Etapa do pipeline TBOO que congelaOutput entregue
1. Auditoria do disponívelMapa do que existe versus o que faltaInventário documental do projeto
2. Mapeamento de incertezasClassificação em definido / provável / indefinidoMapa de risco por elemento
3. Modelagem em camadasVolumetria, fachada, esquadrias, áreas comuns, unidadesModelo 3D modular por nível de definição
4. Câmeras conceituaisEnquadramento, ângulo, altura, composiçãoClay renders em baixa resolução
5. Aprovação por blocosFachada/implantação → áreas comuns → unidadesImagens finais bloco a bloco
6. Atualizações controladasDiff entre modelado e executivo finalPacote orçado de revisões

Perguntas frequentes

Qual o mínimo de informação para começar a produção 3D sem executivo?

Cinco elementos são inegociáveis: implantação no terreno com orientação solar definida, pé-direito por pavimento e número de andares confirmado, tipologia das unidades congelada (área privativa, dormitórios, suítes), conceito arquitetônico assumido (linguagem da fachada, materialidade base, paleta) e posicionamento de marca aprovado. Faltando qualquer um, o retrabalho fica matematicamente garantido.

Quantas revisões devem entrar no escopo base?

A TBO trabalha com três revisões por bloco no escopo base e revisões adicionais cobradas em hora-técnica. Isso disciplina o processo de aprovação, força decisões mais bem pensadas do cliente e protege o cronograma comercial. Sem cláusula clara, o estúdio absorve revisões infinitas e a margem evapora.

Por que aprovar em blocos e não em pacote único?

Porque o retrabalho em cascata é o maior risco financeiro do projeto. Aprovando bloco por bloco (fachada/implantação, áreas comuns, unidades), uma decisão tardia em uma área não obriga a refazer imagens já produzidas. O método também alinha o ritmo de produção ao ritmo de evolução do projeto executivo.

O que acontece quando o executivo final difere do que foi modelado?
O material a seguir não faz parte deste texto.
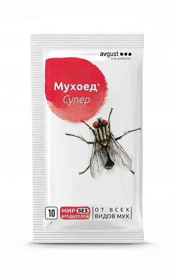 «Мухоед Супер» содержит пищевые добавки, которые привлекают к себе мух, гарантируя этим их уничтожение.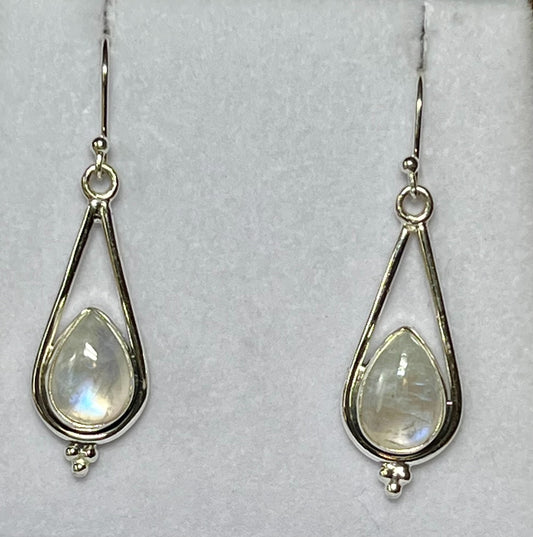 Teardrop Rainbow Moonstone Sterling Drop Earrings

O estúdio executa um diff entre o produto modelado e o produto final aprovado. As alterações são quantificadas e orçadas em pacote separado, e o cliente decide se a campanha vigente comporta o ajuste ou se vale assumir defasagem visual até o próximo ciclo de mídia. A transparência sobre custo de mudança é o que evita conflito comercial.

Por que o executivo nunca está pronto a tempo do lançamento?

Porque a cadeia de incorporação opera dois cronogramas paralelos que não se conversam: o comercial precisa abrir estande sete a doze meses antes do habite-se, e as imagens são contratadas com produto em estudo preliminar. Não é falha de processo — é estrutura do mercado brasileiro. O erro está em exigir do estúdio um nível de informação que o próprio incorporador ainda não tem.

Por que clay render antes do render final?

Porque aprovar enquadramento, altura de câmera e composição no clay é cerca de dez vezes mais barato do que no render final. O cliente toma decisões de direção sem ainda estar discutindo material e iluminação. Quem pula essa etapa transforma cada revisão final em refação de produção pesada.